For the full OpenAPI 3.1 schema, you can access the interactive documentation or the raw JSON file:

  • Interactive Docs: http://<host>:8000/docs

  • OpenAPI JSON: http://<host>:8000/openapi.json

Endpoints#

POST /v1/embeddings#

Generates embedding vectors for text or video inputs. This is the primary inference endpoint.

Request Body

Parameter

Type

Required

Default

Description

input

string

array[string]

Yes

request_type

string

Yes

Specifies the processing mode, which can be query, bulk_text, or bulk_video.

model

string

Yes

The ID of the embedding model to use, which currently must be nvidia/cosmos-embed1.

encoding_format

string

No

float

The format for the returned embeddings, which can be

float or base64.

Input String Formats

The input field accepts the following formats:

Notes and constraints

  • bulk_video requests must contain only presigned video URLs.
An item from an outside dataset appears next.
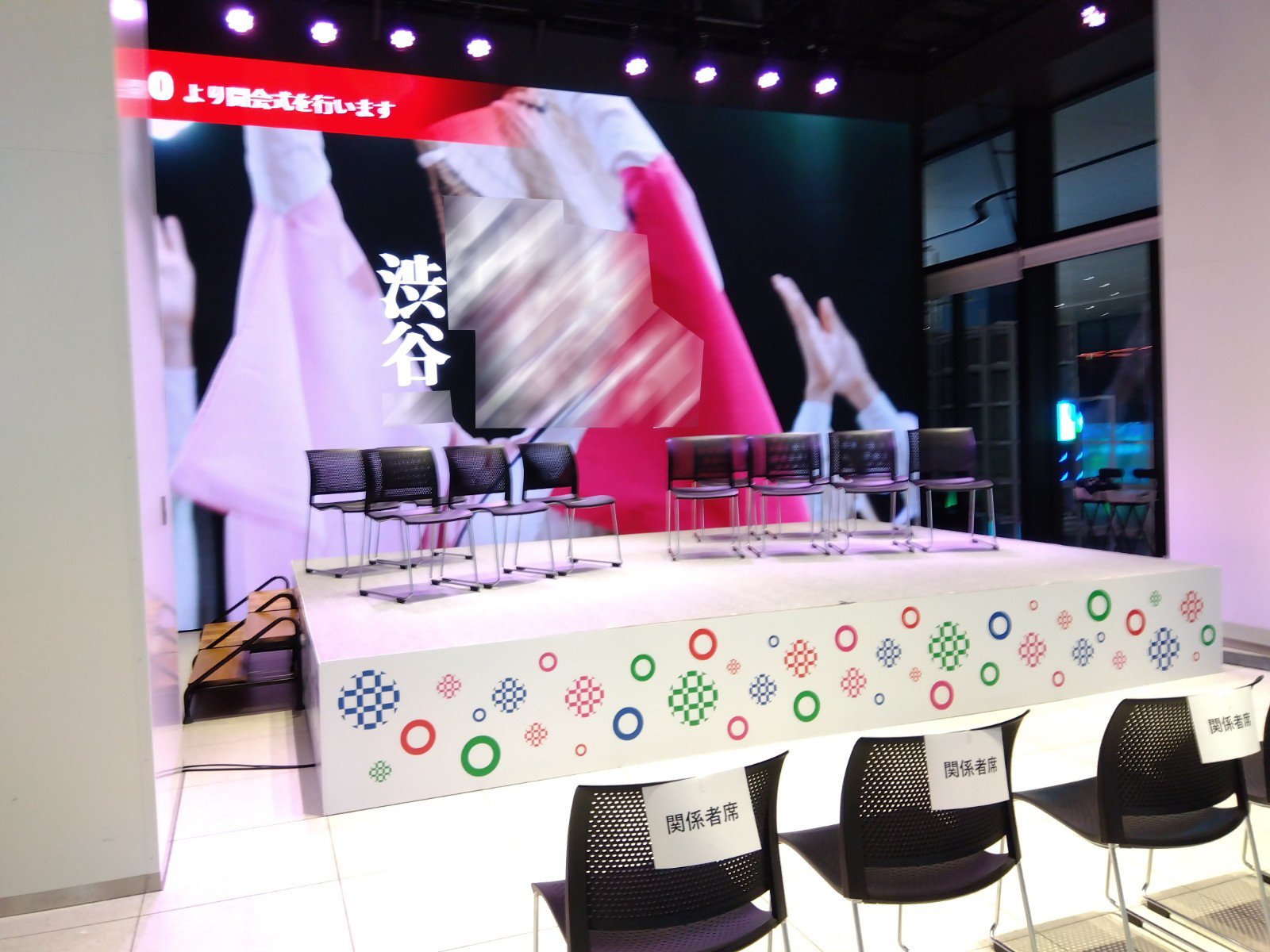 ステージの下部分を隠すケコミとして出力したスチレンパネルを取り付けたのとポスターやサインや手持ちパネルを注文していただきました。

  • Maximum inputs per request: 64 items for bulk_text and bulk_video modes

  • Recommended video duration: 15 seconds

  • Maximum recommended video duration: 1–2 minutes; no strict maximum is enforced by the NIM.

  • Supported codecs: H.264, HEVC, AV1, VP8, VP9, VC1, MPEG4, MPEG2, MPEG1; codec use is not enforced by the NIM.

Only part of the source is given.